Анна быстро отвернулась, чтобы он не увидел слезы в ее глазах. Каким бы добрым ни было его поддразнивание, он походил на благодушного дядюшку, утешающего упитанного ребенка, которого ему жалко. Гленн не шутил бы так, если бы допускал хотя бы малейшую возможность, что Анна воспримет его слова всерьез.
Анна была уже достаточно далеко, когда услышала, как они смеются. Кровь прилила к ее щекам. «Вот что значит быть толстой, — подумала она. — Постоянно находишься в напряжении и, когда слышишь, как люди смеются, всегда принимаешь это на свой счет».
Было почти шесть часов. Солнце скользнуло по выступам далеких гор и вышло на опиравшееся на колонны парадное крыльцо. Когда Анна позвонила домой, чтобы сказать, что она задержится, Эдна немного поворчала, и это не сулило ничего хорошего. Бетти снова выкидывала номера — Анна поняла это по усталому голосу Эдны. Сегодня вечером не будет ни горячей ванны, ни книги, с которой можно было бы свернуться калачиком. Анне повезет, если она успеет перекусить чем-нибудь на ходу.
Несмотря на это Анна ехала медленно, осторожно направляя свою старую синюю «Короллу» к высоким кованым железным воротам на въезде в поместье — самое известное в Карсон-Спрингс, расположенное на двадцати акрах земли.
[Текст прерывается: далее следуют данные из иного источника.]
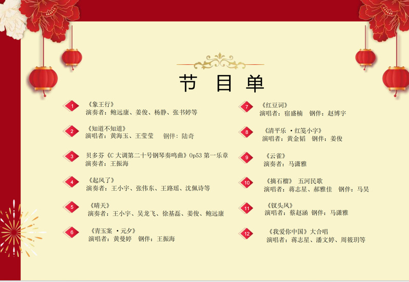 音乐会在器乐合奏《象王行》中拉开序幕,同学们以饱满的热情、和谐的和声抒发家国情怀,瞬间点燃现场氛围。随后,声乐独唱、钢琴独奏、器乐合奏等12个节目轮番登场、形式丰富多样,贝多芬《C大调第二十号钢琴奏鸣曲》OP53第一乐章的激情澎湃、《红豆词》的哀婉缠绵、《红旗颂》选段的韵致悠扬给现场观众带来耳目一新的体验,同学们以扎实的专业功底和灵动的艺术表现力,将经典作品演绎得淋漓尽致,展现出对音乐艺术的深刻理解与执着追求。演出结束后,所有演出人员和到场师生合影留念。
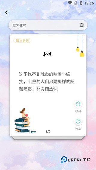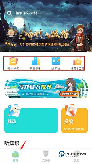 2、在首页可以看到有素材卡片、分类素材、练习本和推荐关注;

Там были пруд с лилиями, оранжерея с орхидеями и сад роз, который мог конкурировать с садом в Белом доме. «Нет смысла рисковать без нужды», — подумала Анна, когда ехала вниз по крутой дороге каньона к раскинувшейся внизу долине. Что будет с Бетти, если она, Анна, окажется нетрудоспособной?
Анна знала, что думают люди: что им обеим было бы лучше, если бы Бетти жила в доме для престарелых. Но видели ли они эти дома? Знают ли они, что там происходит? И все было не так просто. Страховой полис не покрывал полный медицинский уход, поэтому Анне пришлось бы продать дом Бетти — единственный дом, который когда-либо был у Анны.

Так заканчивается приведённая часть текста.